* [AIM OF THE EXERCISE]: Skip the pictures and retype exactly the lines from the one holding "浴室のお写真になります。1坪" through the end of the entries.
**** PROVIDED DATA
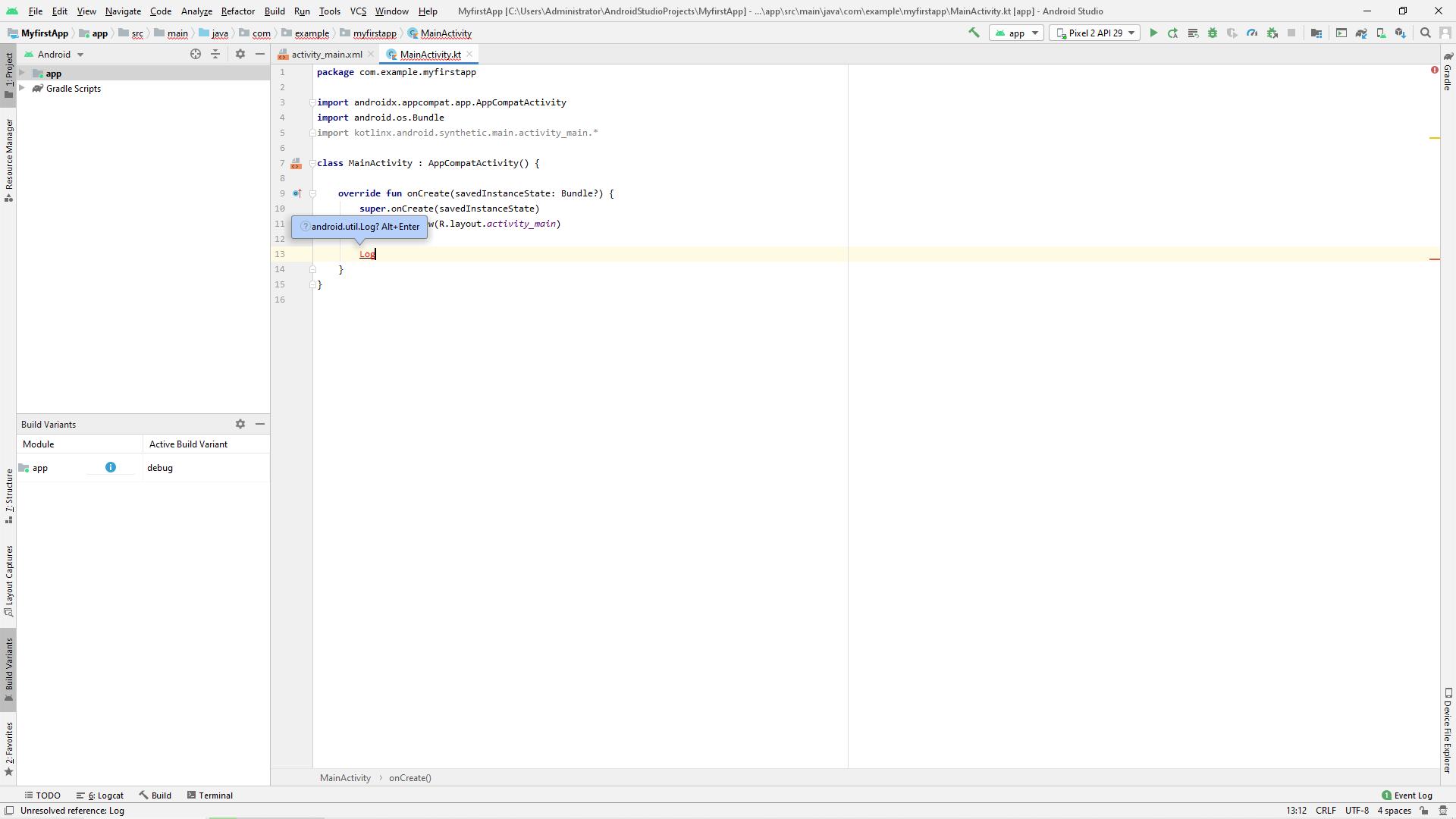 Log를 입력하고 나면 보시는 바와같이 글자가 붉은색으로 표시되며 이를 클릭하면 Log위에 'android.util.log? Alt+Enter'라는 메시지가 보이게 됩니다. 이는 Log클래스가 Import 되지 않았기 때문인데 안내에 따라 Alt + Enter키를 눌러 Import 시켜주면 됩니다.
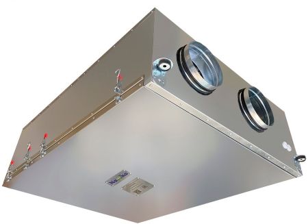 Подвесное исполнение — патрубки расположены по бокам, с подключением воздуховодов.
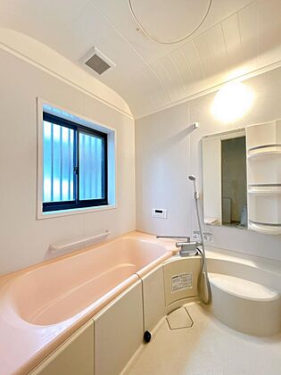 浴室のお写真になります。1坪サイズの浴室ですのでお子様と一緒にお入りいただけますね。
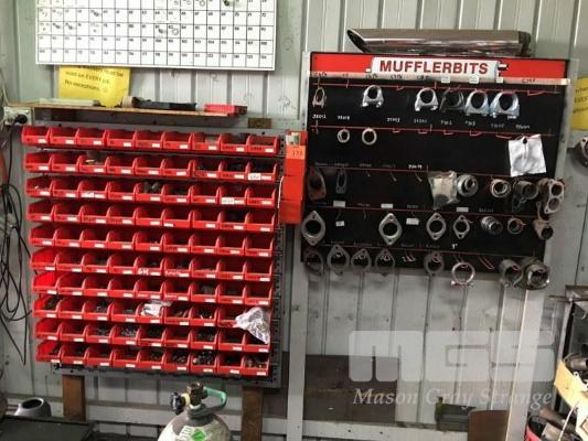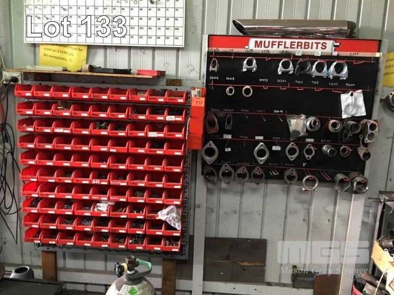 WALL MOUNT PARTS DRAWER UNIT, 90 DRAWERS, CONTENTS, STUDS, WASHERS, BOLTS, SPACERS ETC, WITH MUFFLER BITS, DISPLAY RACK & CONTENTS
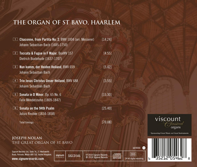 Joseph Nolan marks his 10th release on Signum Classics with a recording on the remarkable 1738 Christian Muller organ of St Bavo...
********
* [FINISHED EXERCISE]:
 浴室のお写真になります。1坪サイズの浴室ですのでお子様と一緒にお入りいただけますね。
 WALL MOUNT PARTS DRAWER UNIT, 90 DRAWERS, CONTENTS, STUDS, WASHERS, BOLTS, SPACERS ETC, WITH MUFFLER BITS, DISPLAY RACK & CONTENTS
 Joseph Nolan marks his 10th release on Signum Classics with a recording on the remarkable 1738 Christian Muller organ of St Bavo...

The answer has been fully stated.